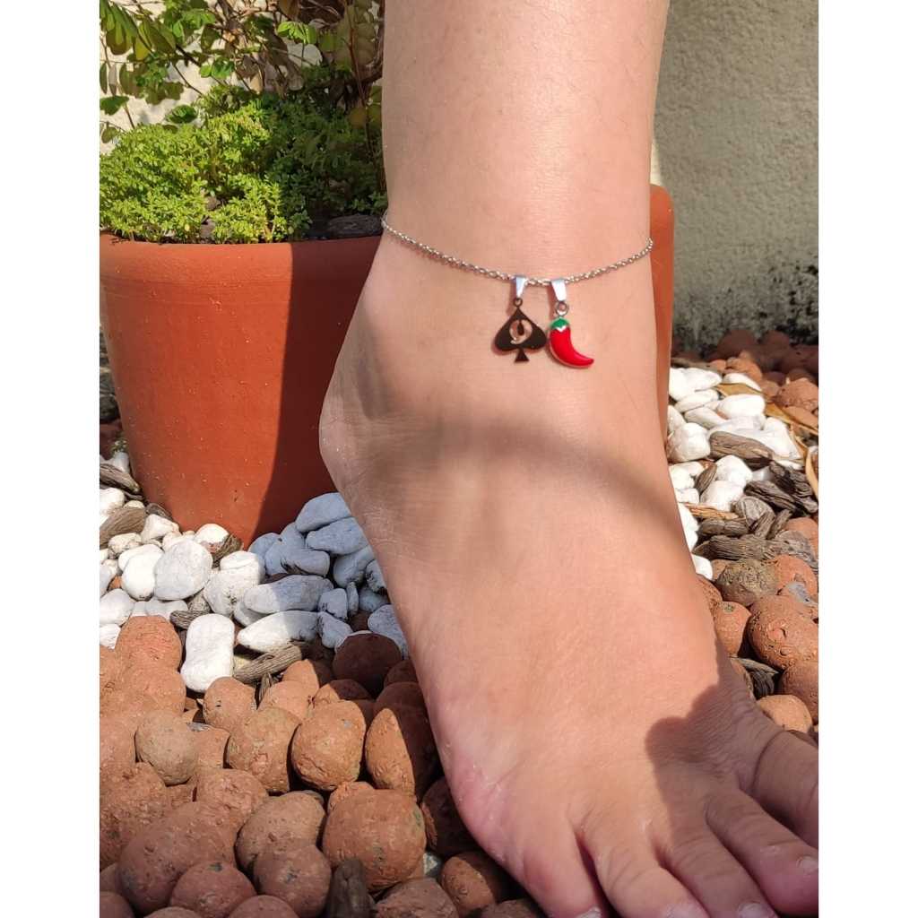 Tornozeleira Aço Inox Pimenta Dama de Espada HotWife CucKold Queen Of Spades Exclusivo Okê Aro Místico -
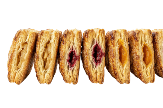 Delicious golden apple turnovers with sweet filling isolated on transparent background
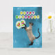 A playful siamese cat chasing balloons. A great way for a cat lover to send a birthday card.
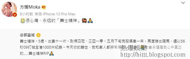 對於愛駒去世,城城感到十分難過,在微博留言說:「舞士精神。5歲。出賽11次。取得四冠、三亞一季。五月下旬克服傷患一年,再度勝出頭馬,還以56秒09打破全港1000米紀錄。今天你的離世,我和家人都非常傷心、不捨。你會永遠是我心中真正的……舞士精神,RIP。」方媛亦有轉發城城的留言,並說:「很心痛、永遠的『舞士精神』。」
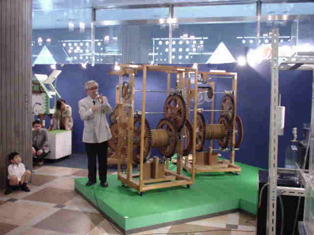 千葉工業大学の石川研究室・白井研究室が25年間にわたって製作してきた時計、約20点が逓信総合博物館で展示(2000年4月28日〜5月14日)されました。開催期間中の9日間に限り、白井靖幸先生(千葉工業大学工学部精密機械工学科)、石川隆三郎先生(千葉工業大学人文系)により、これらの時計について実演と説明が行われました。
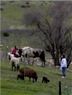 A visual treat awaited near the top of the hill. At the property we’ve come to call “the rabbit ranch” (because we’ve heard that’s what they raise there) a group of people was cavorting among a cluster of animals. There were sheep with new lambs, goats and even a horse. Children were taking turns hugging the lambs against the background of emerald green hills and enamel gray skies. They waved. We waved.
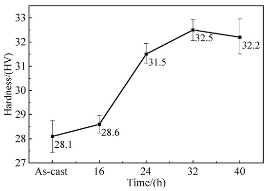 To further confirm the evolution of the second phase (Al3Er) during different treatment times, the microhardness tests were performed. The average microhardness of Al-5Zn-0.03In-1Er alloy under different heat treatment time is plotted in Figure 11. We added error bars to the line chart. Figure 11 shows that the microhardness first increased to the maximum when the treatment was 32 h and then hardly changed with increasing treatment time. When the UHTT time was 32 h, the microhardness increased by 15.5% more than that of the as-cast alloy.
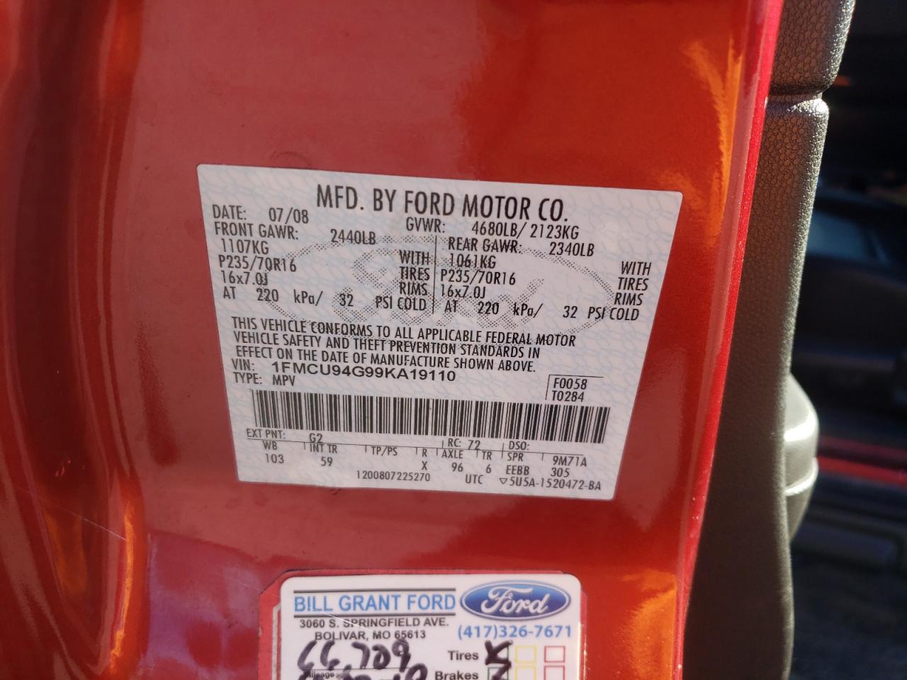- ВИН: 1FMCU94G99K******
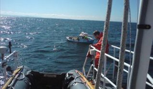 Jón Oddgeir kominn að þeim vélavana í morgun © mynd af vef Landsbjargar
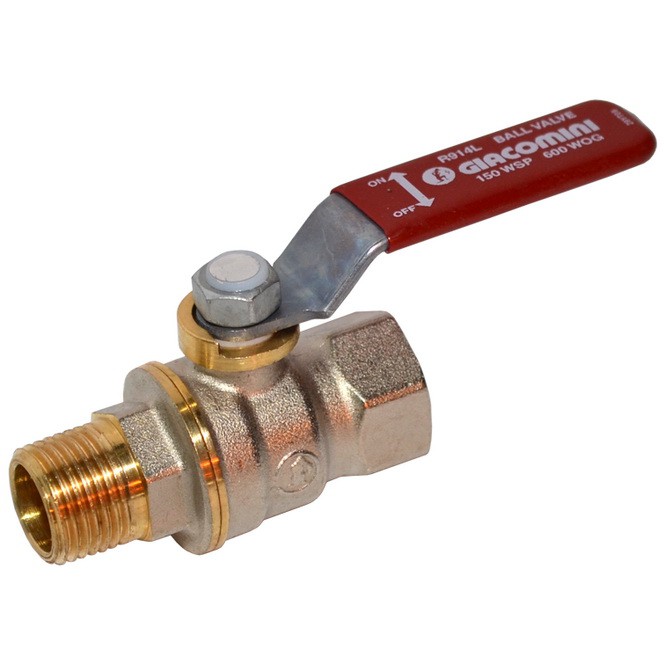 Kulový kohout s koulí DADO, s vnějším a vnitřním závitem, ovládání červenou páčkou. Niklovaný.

※

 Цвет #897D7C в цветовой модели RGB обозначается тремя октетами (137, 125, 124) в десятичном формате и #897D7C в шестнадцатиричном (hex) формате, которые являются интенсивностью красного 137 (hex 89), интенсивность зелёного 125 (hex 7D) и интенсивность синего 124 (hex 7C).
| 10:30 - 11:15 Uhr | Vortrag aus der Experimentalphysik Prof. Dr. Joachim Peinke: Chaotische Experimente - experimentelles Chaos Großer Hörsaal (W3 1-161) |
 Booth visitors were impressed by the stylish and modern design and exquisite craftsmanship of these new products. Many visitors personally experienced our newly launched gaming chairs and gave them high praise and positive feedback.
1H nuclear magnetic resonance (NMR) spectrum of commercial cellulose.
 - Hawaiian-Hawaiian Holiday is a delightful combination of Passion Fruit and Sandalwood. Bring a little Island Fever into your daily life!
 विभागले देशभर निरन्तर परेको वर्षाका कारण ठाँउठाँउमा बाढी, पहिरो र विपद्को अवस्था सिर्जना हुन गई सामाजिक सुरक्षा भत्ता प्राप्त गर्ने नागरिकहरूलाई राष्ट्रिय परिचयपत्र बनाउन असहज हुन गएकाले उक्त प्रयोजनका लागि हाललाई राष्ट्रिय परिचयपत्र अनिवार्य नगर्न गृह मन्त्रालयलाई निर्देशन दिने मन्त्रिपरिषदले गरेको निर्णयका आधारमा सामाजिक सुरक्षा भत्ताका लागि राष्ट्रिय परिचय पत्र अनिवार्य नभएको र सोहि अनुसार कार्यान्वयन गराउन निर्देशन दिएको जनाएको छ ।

※

### Task
Of the records above, print only the lines from the one containing "Tornozeleira Aço Inox" through the one containing "千葉工業大学の石川研究室・白", inclusive and unaltered, leaving out pictures.

### Task result
 Tornozeleira Aço Inox Pimenta Dama de Espada HotWife CucKold Queen Of Spades Exclusivo Okê Aro Místico -
 Delicious golden apple turnovers with sweet filling isolated on transparent background
 A playful siamese cat chasing balloons. A great way for a cat lover to send a birthday card.
 對於愛駒去世,城城感到十分難過,在微博留言說:「舞士精神。5歲。出賽11次。取得四冠、三亞一季。五月下旬克服傷患一年,再度勝出頭馬,還以56秒09打破全港1000米紀錄。今天你的離世,我和家人都非常傷心、不捨。你會永遠是我心中真正的……舞士精神,RIP。」方媛亦有轉發城城的留言,並說:「很心痛、永遠的『舞士精神』。」
 千葉工業大学の石川研究室・白井研究室が25年間にわたって製作してきた時計、約20点が逓信総合博物館で展示(2000年4月28日〜5月14日)されました。開催期間中の9日間に限り、白井靖幸先生(千葉工業大学工学部精密機械工学科)、石川隆三郎先生(千葉工業大学人文系)により、これらの時計について実演と説明が行われました。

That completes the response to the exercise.